Обращение к творчеству названных — крупнейших представителей реализма в русской литературе первой трети XX века — писателей позволяет понять, как в условиях бурно развивающегося времени, отмеченного для России несколькими войнами и революциями, сохраняется и развивается представление о человеческой личности как величайшей ценности в мире. Это в особенности важно потому, что определяющие в процессе исторического развития события отнюдь не способствовали укреплению упомянутого выше представления, отводя человеку роль функции событий или просто — щепки на волнах истории. Писатели, оказавшиеся в эмиграции, с особой силой ощущали это и старались противостоять такому взгляду. Выброшенные из родной страны, они отказывались соглашаться с тем, что в новых условиях человеческая личность нивелируется, растворяется в массе, теряет свои индивидуальные свойства.

Писатели, о которых идет речь в диссертации, более всего ценят в человеке способность к реализации имеющегося у него духовного потенциала и в то же время — его способность раздвигать рамки мира, в котором он живет. Самореализация человека осуществляется прежде всего благодаря его вниманию к окружающим, способности вступать с ними — с миром — в контакт, что ведет к душевному взаимообогащению, способности испытывать высокое и прекрасное чувство любви, не отягощенное корыстными соображениями, не снижаемое чувственными порывами.

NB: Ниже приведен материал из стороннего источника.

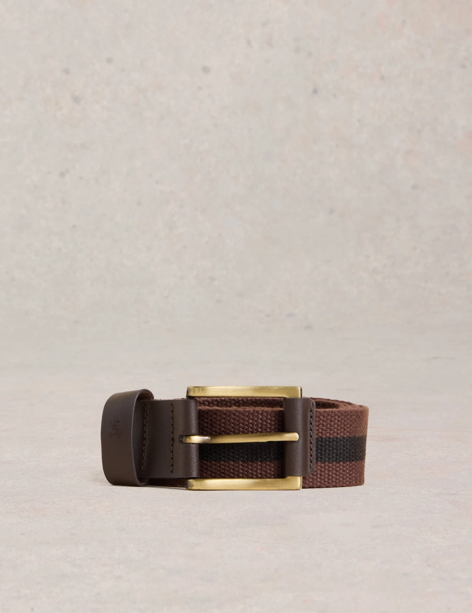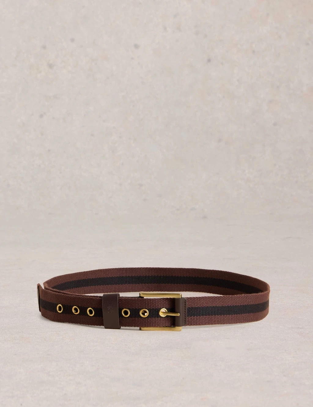 With its bold combinations of rich tones, this striped webbing belt from White Stuff adds a distinctive touch to casual outfits. It fastens securely with a brass buckle and is crafted with coordinating eyelets and leather accents.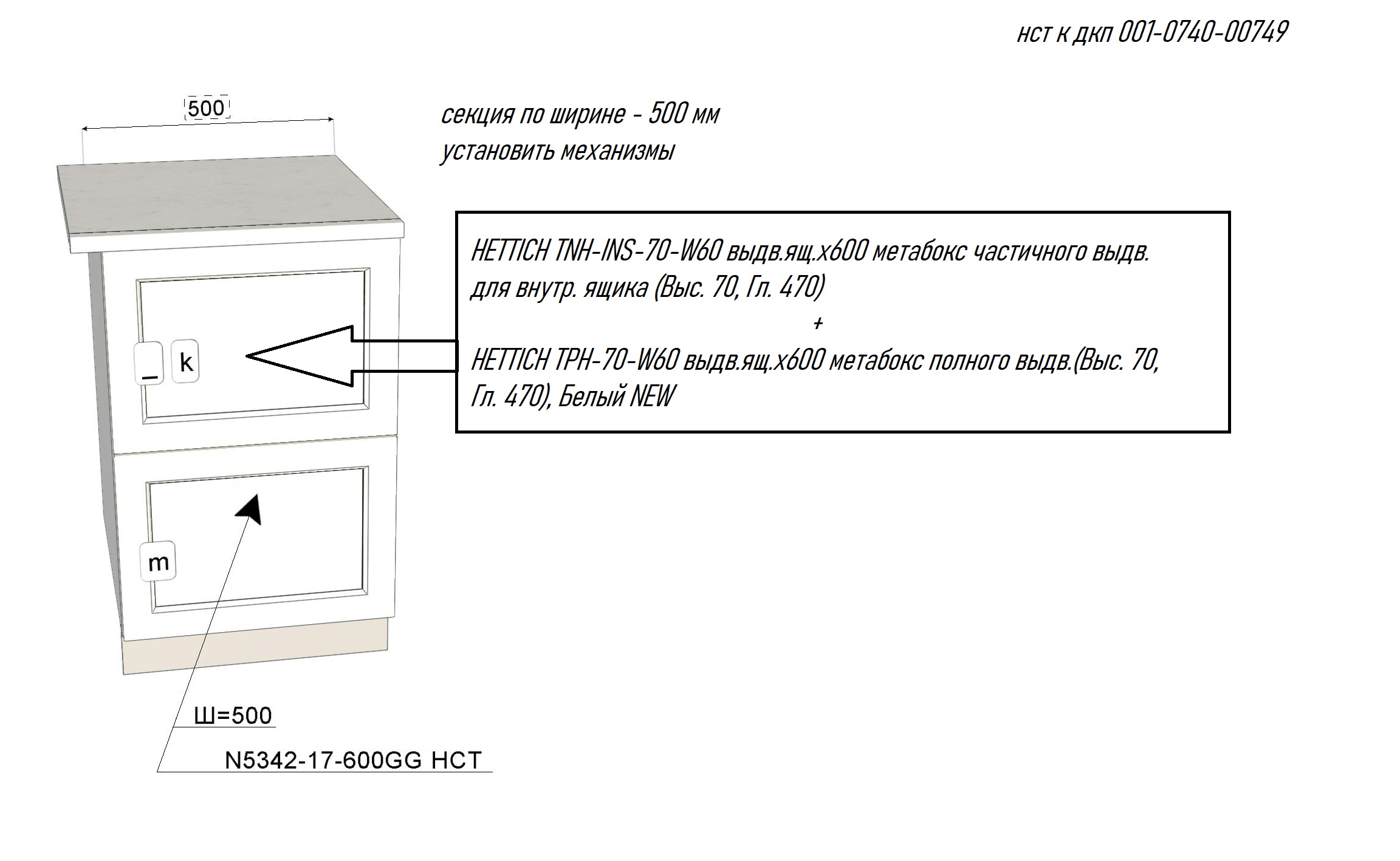 - (10 шт.) метабокс полного выдвижения HETTICH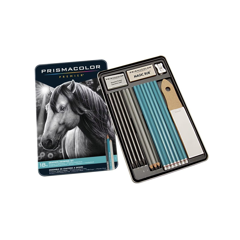 Nakreslete tmavé stíny, ostré linie i smyslné střední tóny se sadou tužek na kreslení Prismacolor Premier Graphite. Sada obsahuje sedm tyrkysových kreslicích tužek s tvrzenými jádry odolnými proti rozbití, čtyři univerzální bezdřevé grafitové tužky, které lze používat ořezané i tupé a tři ve vodě rozpustné ebenové tužky, které vytvářejí intenzivní tmavé stopy. Součástí sady je ještě tvarovací plastická a vinylová guma, ocelové ořezávátko a brousek.

Стоит заметить особо: писатели оставляют вне пределов своего внимания сферу социальной жизни, но это не может служить основанием для упреков в их адрес. Столь распространенной в литературе XX века концепции трагического одиночества, на которое осужден человек, противопоставляется убежденность в возможности его преодоления, залогом чего является способность человека найти — в любви, в дружбе, наконец, в творчестве — путь к сердцу другого.

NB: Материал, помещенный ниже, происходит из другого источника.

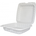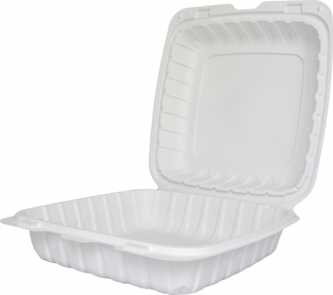 Container, Plastic, white, square, hinged lid, 1-Compartment, Microwavable, dual bar locks, non-absorbent, 9" x 9" x 3", 60g (150 each per case) (Promotional NET price, effective 08/22/2022)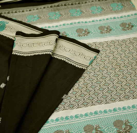 Indian Vintage Sari Black Pure Cotton Hand Woven Baluchari Saree 5yard Ethnic Lady Design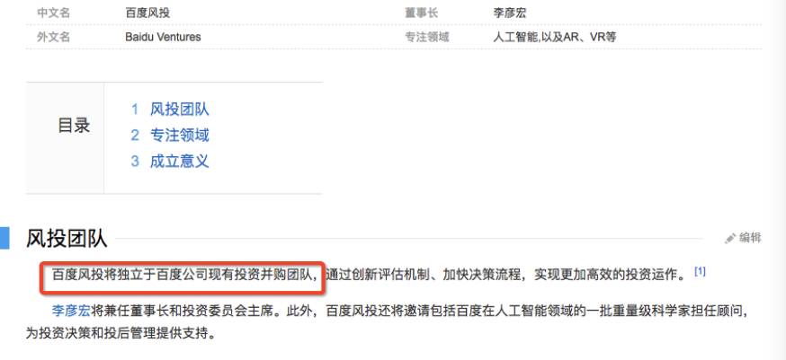 百度风投在成立之初就定位于「独立的风险投资机构」,从来都不是百度的战略投资部门。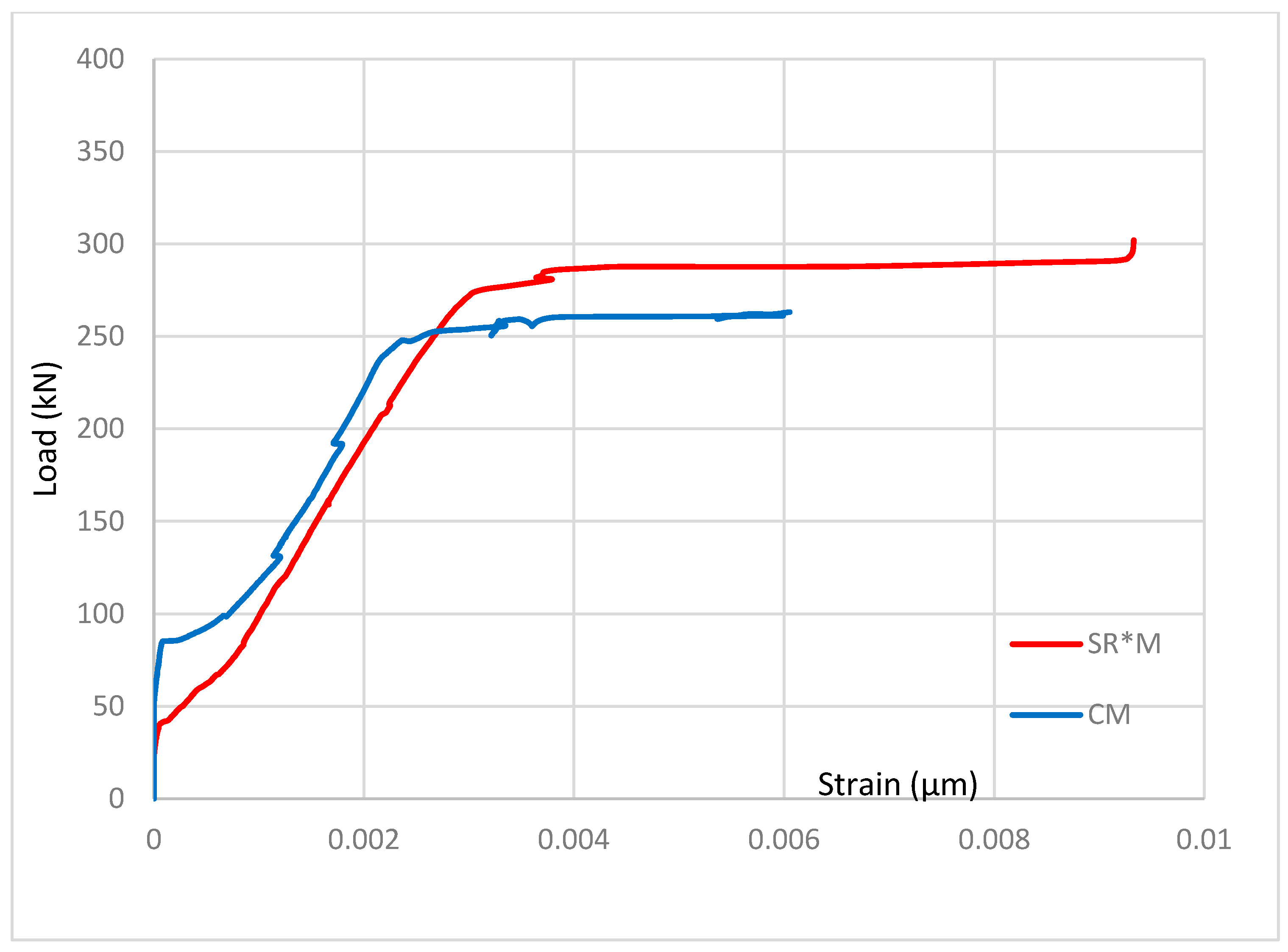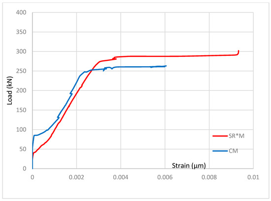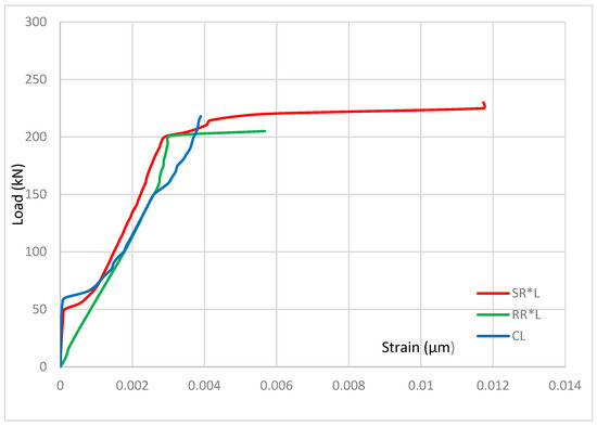 The absence of accurate strain data in the RR*M sample due to defective gauges limits direct comparisons for this particular case. However, the overall trend suggests that the presence of BFRP ropes enhances load-bearing capacity by redistributing stresses, mitigating excessive strain in the steel, and potentially improving ductility.

Целыо нашего исследования является характеристика индивидуальных модификаций личности, представление о которой утверждается И.Буниным и Б.Зайцевым, И.Шмелевым и А.Куприным. Стоит, повторив, подчеркнуть, что в творчестве каждого из упомянутых художников закрепляется свое собственное — в автобиографических произведениях основанное на глубоко личном жизненном опыте — понимание того, на чем зиждется, как идет процесс формирования человеческой личности. И однако при этом основные исходные позиции столь разных писателей обнаруживают нечто общее, обусловленное общностью — в главном — эстетической концепции жизни, которой они оставались верны. Процесс становления человеческой личности, определяемый дарованием и собственным жизненным (духовно-биографическим) опытом автора, но еще — обстоятельствами, в которых развивается указанный процесс, оказывается в сфере исследования в настоящей работе.

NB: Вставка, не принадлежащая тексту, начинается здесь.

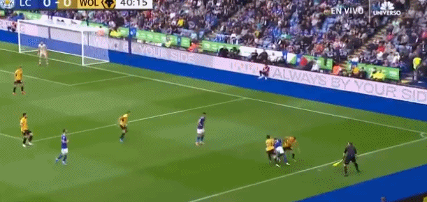 上半场唯一的进球在第40分钟。客队后卫面对阿约泽-佩雷斯的防守球没踢远,身后里卡多-佩雷拉一对二带球突进,右侧底线旁下底传中,前点瓦尔迪轻巧的一脚扫射把球送进网,莱斯特1-0。进球后的瓦尔迪做出了咆哮的独特庆祝。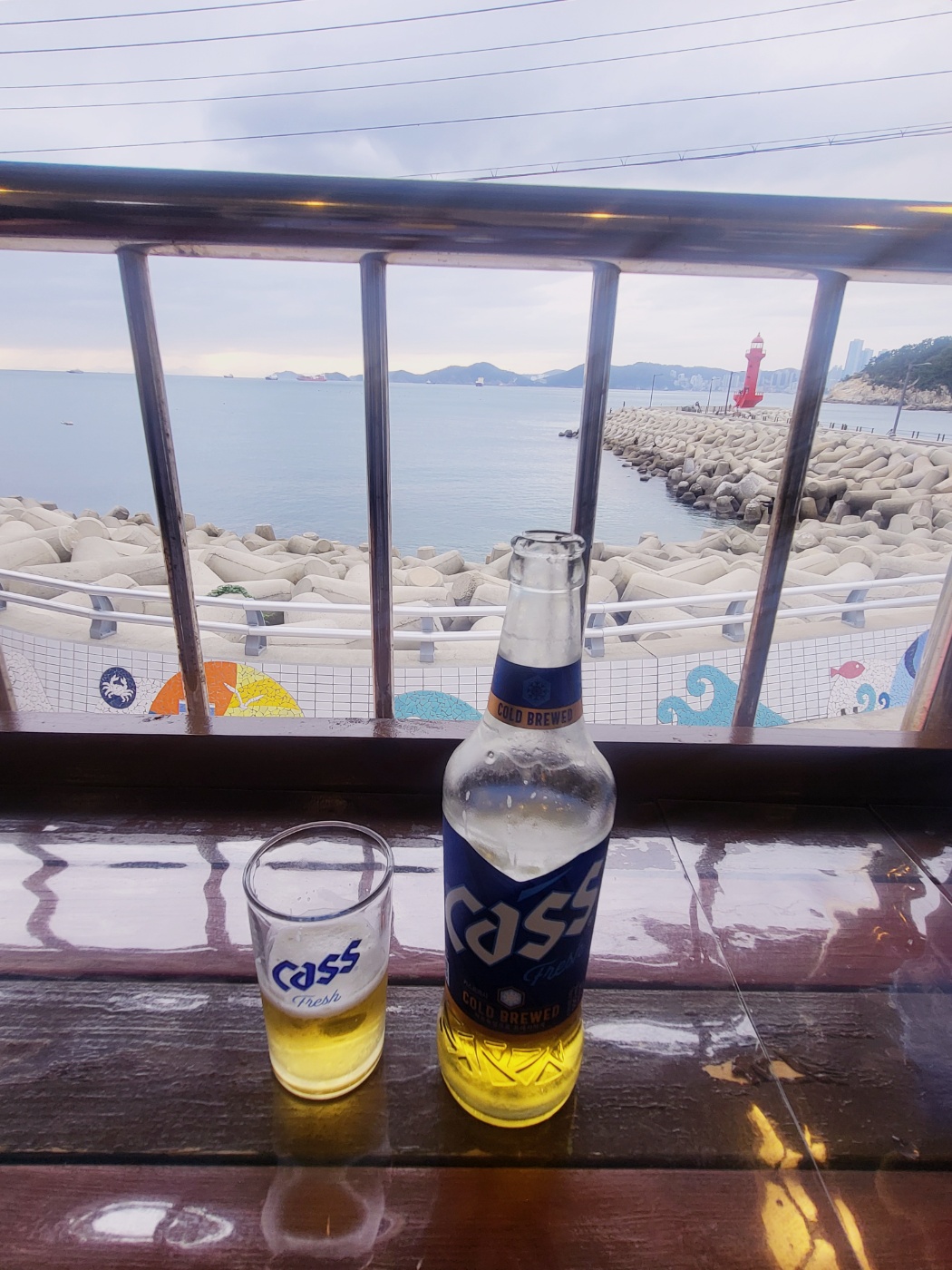 테이블 위에 놓인 차가운 맥주 한 병. 거품이 살짝 일어난 맥주잔을 들고 바다를 바라보니, 단순한 맥주가 아닌 ‘바다와 함께 마시는 술’이 되었어요. 바닷바람은 시원했고, 맥주는 그 바람만큼 청량했습니다.

Научная новизна ее обусловлена тем, что процесс становления личности в прозе русского Зарубежья остается па периферии поля зрения исследователей, сосредоточивающих внимание преимущественно на индивидуальных (частных) его проявлениях, ограничиваясь обращением к одному — тому или иному — писателю. А между тем представляется важным, учитывая этот, имеющийся в нашем литературоведении, материал, охарактеризовать сделанное художником как проявление общих тенденций в разрешении литературой русского Зарубежья центральной в настоящей диссертации проблемы.

Актуальность работы определяется неизбывным интересом к содержанию (основным параметрам) и процессам становления человеческой личности. Интерес этот особенно усиливается и обостряется в последнее десятилетие, в условиях решительного пересмотра всей системы ценностных ориентаций. Опыт писателей русского Зарубежья, унаследовавших великие традиции русской классической литературы с характерными для нее представлениями о том, чем определяется ценность человека и в то же время воплотивших в своем творчестве философско-эстетические и этические концепции своего времени, оказывается особенно ценным именно сегодня. Освоение этого опыта приближает к пониманию того, что позволяет человеку сохранить себя в эпоху бурных переломов, к осознанию необходимости хранить верность глубоко гуманистическому представлению о личности, не закрывая при этом перед человеком возможности развиваться, изменяться в соответствии с изменениями, происходящими в окружающей его действительности.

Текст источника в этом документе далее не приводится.